"There is a single light of science, and to brighten it anywhere is to brighten it everywhere." -- attributed to Isaac Asimov
It doesn't matter much that Asimov probably didn't ever actually say that, because it is true -- it's true of science, and it's true of education more generally: it benefits everyone for anyone to be educated.
It benefits me, and everyone, to live in a well-educated society: I want everyone to get enough education to have an intellectual conversation with, to understand public good enough to e.g. get vaccinated against common diseases (barring genuine medical reasons not to), to (if they choose) advance science, technology, art, or literature to make life better for everyone.
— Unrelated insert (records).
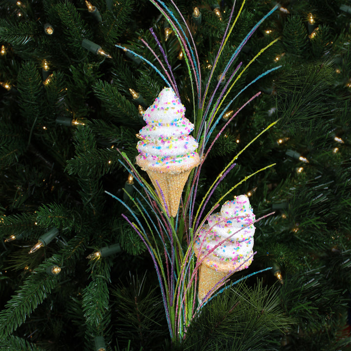 Épurée et gourmande, cette tige de cornets crème glacée blancs de 30,5'' est parfaite pour un décor d’hiver doux, sucré et lumineux.
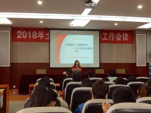 会议伊始徐杰玲老师讲解到此次会议的主题为《立德树人铸魂育人》。她从“层次分明”—教育作用论;“以人为本”—教育本体论;“人人出彩”—教育公平论;“文化自信”—教育动力论;“立德树人”—教育价值论等多个层面讲述教育在个人,社会和国家中的重要意义。
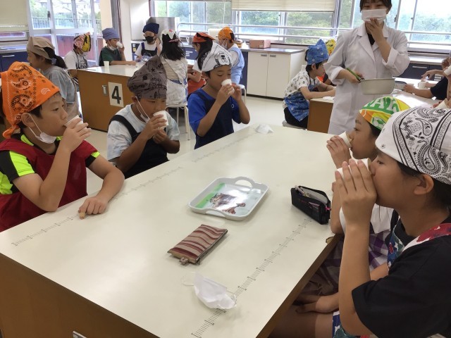 また、栄養教諭からだしについてのお話がありました。だしは、毎日食べている給食にも使われていることを知り、より身近なものに感じた様子でした。昆布だしと、かつおだしの飲み比べもしてみました!
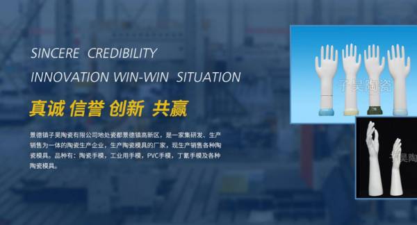 景德鎮子*陶瓷有限公司地處瓷都景德鎮高新區,是一家集研發、生產、銷售為一體的陶瓷生產企業,生產陶瓷模具的廠家,現生產銷售各種陶瓷模具。品種有:陶瓷手模,工業用手模,PVC手模,丁氰手模及各種陶瓷模具。

Educating any person directly benefits me in a way that, say, healing, housing, or feeding a person does not. Healing, housing, and feeding everybody are, of course, objective goods; but educating everybody is both an objective good and a subjective good. It benefits a hypothetical me (in a Rawlsian veil-of-ignorance sort of way) for everyone to be healed, housed, and fed; it benefits actual, literal me for everyone to be educated. If I were a purely selfish person, I would still want to teach.
It may benefit me more for my neighbor in Buffalo to be educated than it does for my neighbor in, say, Lagos to be educated, but both benefit me. I'm not competing to make my students better than students in Lagos, I'm trying to make my students better than they were yesterday.
Education is not a race to the top, it's the proverbial rising tide that lifts all boats. If it were a race, it would be a race against the Blob -- I want to escape the Blob, but I also want you to escape the Blob, because if it eats you it becomes bigger and stronger and more of a threat to me.